In a multi-user system, better performance requires establishing a stripe wide enough to hold the typical or maximum size record. This allows overlapped disk Input/Output across drives.
There are at least nine types of RAID plus a non-redundant array (RAID-0).
RAID-0: This technique has striping but no redundancy of data. It offers the best performance but no fault-tolerance.
RAID-1: This type is also known as disk mirroring and includes at least two drives that duplicate the storage of data. There is no striping. Read performance is improved since either disk can be read at the same time. Write performance is the same as for single disk storage. RAID-1 provides the best performance and the best fault-tolerance in a multi-user system.
RAID-2: This type uses striping across disks with some disks storing error checking and correcting information. It has no advantage over RAID-3.
RAID-3: This type uses striping and dedicates one drive to storing parity information. The embedded error checking information is used to detect errors. Data recovery is accomplished by calculating the exclusive OR of the information recorded on the other drives. Since an Input/Output operation addresses all drives at the same time, RAID-4 cannot overlap I/O. For this reason, RAID-3 is best for a single-user system with long record applications.
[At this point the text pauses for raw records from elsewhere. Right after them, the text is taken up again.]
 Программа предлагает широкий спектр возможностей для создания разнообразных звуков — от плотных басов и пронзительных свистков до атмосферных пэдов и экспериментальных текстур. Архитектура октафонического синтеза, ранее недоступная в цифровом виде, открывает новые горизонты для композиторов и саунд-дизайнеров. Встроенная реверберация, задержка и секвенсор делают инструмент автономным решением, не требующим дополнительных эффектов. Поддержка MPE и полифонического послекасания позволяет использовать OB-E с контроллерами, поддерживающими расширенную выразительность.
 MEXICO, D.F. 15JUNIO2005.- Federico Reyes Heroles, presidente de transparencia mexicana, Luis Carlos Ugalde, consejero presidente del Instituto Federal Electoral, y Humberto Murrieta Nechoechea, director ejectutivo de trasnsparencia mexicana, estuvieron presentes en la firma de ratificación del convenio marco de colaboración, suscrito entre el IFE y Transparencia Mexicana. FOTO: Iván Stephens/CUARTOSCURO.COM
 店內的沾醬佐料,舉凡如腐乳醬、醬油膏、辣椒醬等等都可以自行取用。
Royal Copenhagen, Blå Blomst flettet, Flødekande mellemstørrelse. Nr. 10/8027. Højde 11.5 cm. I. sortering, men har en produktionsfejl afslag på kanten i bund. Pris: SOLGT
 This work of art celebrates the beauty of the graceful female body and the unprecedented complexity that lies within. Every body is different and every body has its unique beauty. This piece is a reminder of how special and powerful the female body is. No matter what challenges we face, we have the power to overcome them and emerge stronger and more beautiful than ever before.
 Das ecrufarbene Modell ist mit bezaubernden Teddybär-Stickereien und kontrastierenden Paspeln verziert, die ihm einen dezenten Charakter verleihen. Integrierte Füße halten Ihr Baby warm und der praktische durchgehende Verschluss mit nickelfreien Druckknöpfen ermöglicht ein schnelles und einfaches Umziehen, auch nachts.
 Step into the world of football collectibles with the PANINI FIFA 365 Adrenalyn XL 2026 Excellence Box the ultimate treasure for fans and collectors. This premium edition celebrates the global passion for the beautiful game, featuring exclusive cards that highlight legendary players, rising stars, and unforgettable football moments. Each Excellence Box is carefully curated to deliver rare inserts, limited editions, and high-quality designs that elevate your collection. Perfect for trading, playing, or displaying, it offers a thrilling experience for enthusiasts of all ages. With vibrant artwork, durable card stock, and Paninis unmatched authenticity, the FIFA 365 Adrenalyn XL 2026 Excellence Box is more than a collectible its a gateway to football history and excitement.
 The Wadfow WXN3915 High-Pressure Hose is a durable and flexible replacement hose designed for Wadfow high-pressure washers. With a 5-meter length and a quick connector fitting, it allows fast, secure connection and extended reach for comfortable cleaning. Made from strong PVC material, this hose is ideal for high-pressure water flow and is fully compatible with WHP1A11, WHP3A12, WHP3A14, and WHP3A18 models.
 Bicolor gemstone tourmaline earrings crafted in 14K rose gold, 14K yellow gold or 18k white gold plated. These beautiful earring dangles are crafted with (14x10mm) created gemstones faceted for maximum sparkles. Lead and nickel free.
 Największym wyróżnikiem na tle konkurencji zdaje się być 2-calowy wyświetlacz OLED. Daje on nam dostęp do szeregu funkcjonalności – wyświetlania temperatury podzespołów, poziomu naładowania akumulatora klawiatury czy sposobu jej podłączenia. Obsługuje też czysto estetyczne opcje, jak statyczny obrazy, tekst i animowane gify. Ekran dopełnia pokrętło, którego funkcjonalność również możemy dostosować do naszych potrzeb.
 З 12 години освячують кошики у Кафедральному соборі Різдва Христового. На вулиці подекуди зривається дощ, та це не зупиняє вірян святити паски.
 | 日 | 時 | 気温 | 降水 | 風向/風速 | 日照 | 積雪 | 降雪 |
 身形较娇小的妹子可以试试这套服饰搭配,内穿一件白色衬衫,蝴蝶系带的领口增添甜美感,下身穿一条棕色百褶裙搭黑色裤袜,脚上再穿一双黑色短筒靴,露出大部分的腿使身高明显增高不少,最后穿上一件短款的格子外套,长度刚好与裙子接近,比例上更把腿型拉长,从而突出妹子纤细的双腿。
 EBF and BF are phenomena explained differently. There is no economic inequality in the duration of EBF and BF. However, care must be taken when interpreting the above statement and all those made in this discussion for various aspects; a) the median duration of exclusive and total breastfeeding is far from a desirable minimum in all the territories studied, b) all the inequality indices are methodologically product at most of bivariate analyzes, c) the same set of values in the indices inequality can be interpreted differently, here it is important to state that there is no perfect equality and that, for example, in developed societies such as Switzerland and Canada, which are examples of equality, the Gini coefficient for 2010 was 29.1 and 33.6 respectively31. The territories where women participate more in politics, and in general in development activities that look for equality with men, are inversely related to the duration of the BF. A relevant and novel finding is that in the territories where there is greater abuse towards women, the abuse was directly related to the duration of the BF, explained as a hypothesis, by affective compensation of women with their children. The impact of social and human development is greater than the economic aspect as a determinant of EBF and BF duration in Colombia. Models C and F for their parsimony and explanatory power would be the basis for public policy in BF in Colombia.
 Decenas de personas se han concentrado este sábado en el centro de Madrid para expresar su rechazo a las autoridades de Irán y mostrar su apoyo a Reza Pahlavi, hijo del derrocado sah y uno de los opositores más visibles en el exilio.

RAID-4: This type uses large stripes, which means records from any single drive may be read. This allows one to take advantage of overlapped Input/Output for read operations. Since all write operations have to update the parity drive, no Input/Output overlapping is possible. RAID-4 offers no advantage over RAID-5.
RAID-5: This type includes a rotating parity array, thus addressing the write limitation in RAID-4. Thus, all read and write operations can be overlapped. RAID-5 stores parity information but not redundant data(but parity information can be used to reconstruct data). RAID-5 requires at least three and usually five disks for the array. It is best for multi-user systems in which performance is not critical or which do few write operations.
RAID-6: This type is similar to RAID-5 but includes a second parity scheme that is distributed across different drives and thus offers extremely high fault- and drive-failure tolerance. There are few or no commercial examples currently.
RAID-7: This type includes a real-time embedded operating system as a controller, caching via a high-speed bus, and has other characteristics of a stand-alone computer. One vendor offers this system.
RAID-10: This type offers an array of stripes in which each stripe is a RAID-1 array of drives. This offers higher performance than RAID-1 but at much higher cost.
RAID-53: This type offers an array of stripes in which each stripe is a RAID-3 array of disks. This offers higher performance than RAID-3 but at much higher cost.
Disk striping will now be explained.
Striping is the process of dividing logically continuous data segments such as a single file and storing the divided segments into physically separated devices such as disk drives using a round robin technique. If a processor has the ability to write and read data faster than to receive and apply data from/to a single disk, striping is a useful technique.
Data is divided into unique sized bytes or sectors and stored over several drives. For example, if there are four drives designed to operate with overlapping read/write operation, generally, four sectors can be read in the same time of reading one sector.
Disk Striping is not provided for fault tolerance or error checking but it can be used for such functions with other techniques.
Striping can be used with mirroring.
Mirroring is a process for duplicating and storing data to more than one device for preventing damaged data in case of malfunctioning devices.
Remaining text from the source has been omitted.